▸ **AIM OF THE EXERCISE**
From the line containing "犬のタンクはドラゴンさんが好き。ひざにのっかってる。" to the end of the records, print every line exactly, both ends included, and leave out the pictures.
'''
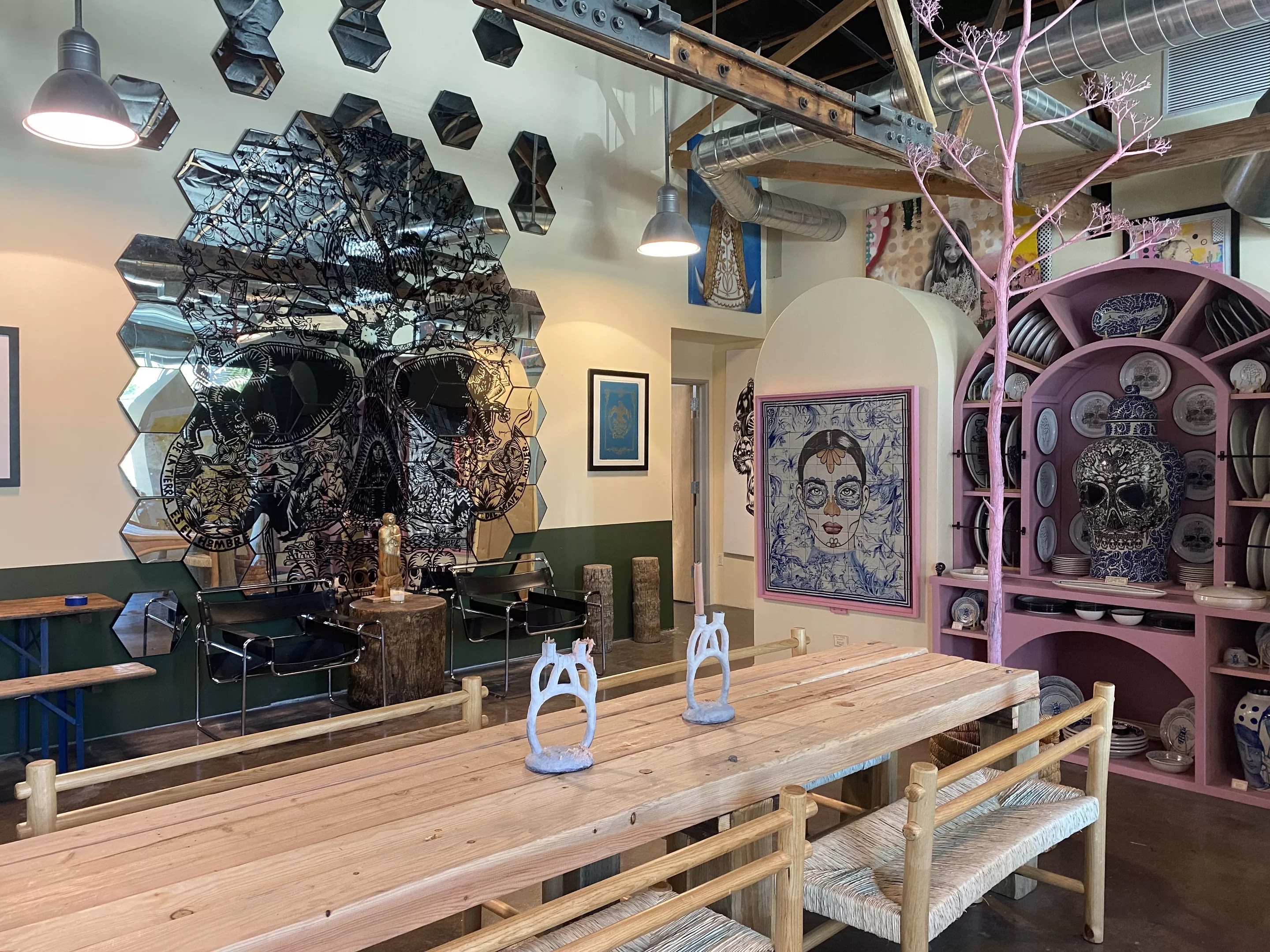 He’s done the interior design for Taco Chelo on Roosevelt Row, which he co-owns with Aaron Chamberlin and Suny Santana; Ghost Ranch in Tempe; seven locations of Barrio Queen; and others. At Talavera at the Four Seasons Scottsdale, he created a mural and displays work for sale.
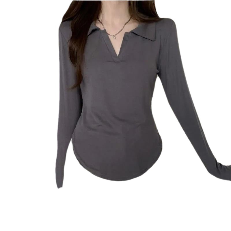 Korean Style Base Shirt Women's Spring and Autumn New Slim-fit Slimming Lapel Solid Color All-match Collar Long-sleeved Early Autumn Top
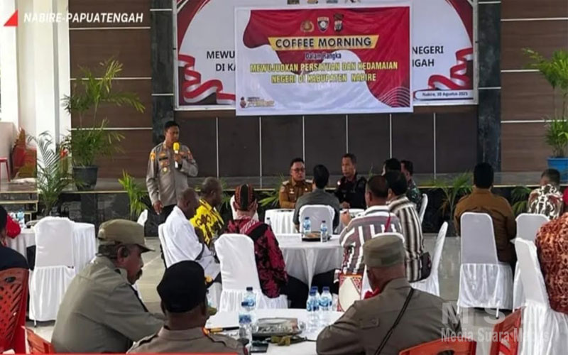 MediaSuaraMabes, Nabire Papua Tengah – Kepolisian Resor Nabire, menggelar kegiatan Coffee Morning bersama Forkopimda, aparat keamanan, serta tokoh masyarakat dan agama dalam rangka mewujudkan persatuan dan kedamaian di Kabupaten Nabire. Senin, (01/09/2025) siang, bertempat di Aula Wicaksana Laghawa Polres Nabire.
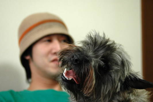 犬のタンクはドラゴンさんが好き。ひざにのっかってる。
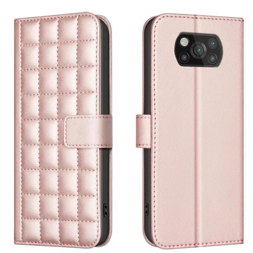 Funda de Cuero con Textura Cuadrada para Teléfono Xiaomi Poco X3/X3 Nfc (Oro Rosa)
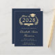 バジェットモダンフレンドリー・ダーク・ネイビー・ブルー・カレッジ卒業パーティの招待状は、ローレルリースの金ゴールドイラストレーションにグラードキャップトッパーとディプロマを組み込んだ「クラス」をフィーチャーし、卒業生の名前を軽い金ゴールドスクリプトにエレガント含む。学校、名誉または将来の計専攻の画、およびパーティー金ゴールドタイポグラフィの卒業の詳細を追加シンプルする。
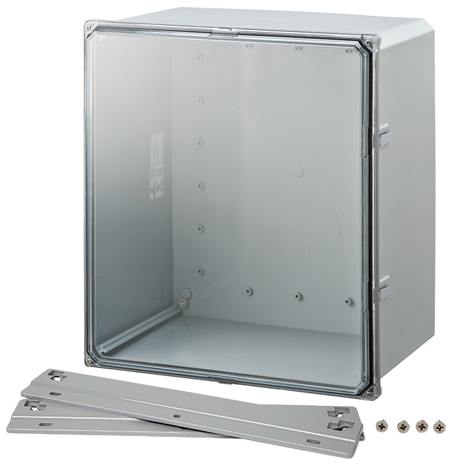 The H181610SCF polycarbonate enclosure offers superior protection with its UL/cUL NEMA Type 6P and IP68 ratings, making it ideal for demanding environments. Designed with a clear cover and screw closure, this premium enclosure features a durable light gray, high-impact UV-resistant polycarbonate construction. It includes brass inserts in the corner bosses for flexible internal mounting and a hydro-phobic urethane gasket to ensure a reliable seal. With internal dimensions of 16 x 18 x 10.36 inches and weighing 13.97 lbs, it’s a robust solution for safeguarding sensitive components. Four screws and mounting brackets are included for easy installation.
'''
▸ **SOLUTION FOR THIS EXERCISE**
 犬のタンクはドラゴンさんが好き。ひざにのっかってる。
 Funda de Cuero con Textura Cuadrada para Teléfono Xiaomi Poco X3/X3 Nfc (Oro Rosa)
 バジェットモダンフレンドリー・ダーク・ネイビー・ブルー・カレッジ卒業パーティの招待状は、ローレルリースの金ゴールドイラストレーションにグラードキャップトッパーとディプロマを組み込んだ「クラス」をフィーチャーし、卒業生の名前を軽い金ゴールドスクリプトにエレガント含む。学校、名誉または将来の計専攻の画、およびパーティー金ゴールドタイポグラフィの卒業の詳細を追加シンプルする。
 The H181610SCF polycarbonate enclosure offers superior protection with its UL/cUL NEMA Type 6P and IP68 ratings, making it ideal for demanding environments. Designed with a clear cover and screw closure, this premium enclosure features a durable light gray, high-impact UV-resistant polycarbonate construction. It includes brass inserts in the corner bosses for flexible internal mounting and a hydro-phobic urethane gasket to ensure a reliable seal. With internal dimensions of 16 x 18 x 10.36 inches and weighing 13.97 lbs, it’s a robust solution for safeguarding sensitive components. Four screws and mounting brackets are included for easy installation.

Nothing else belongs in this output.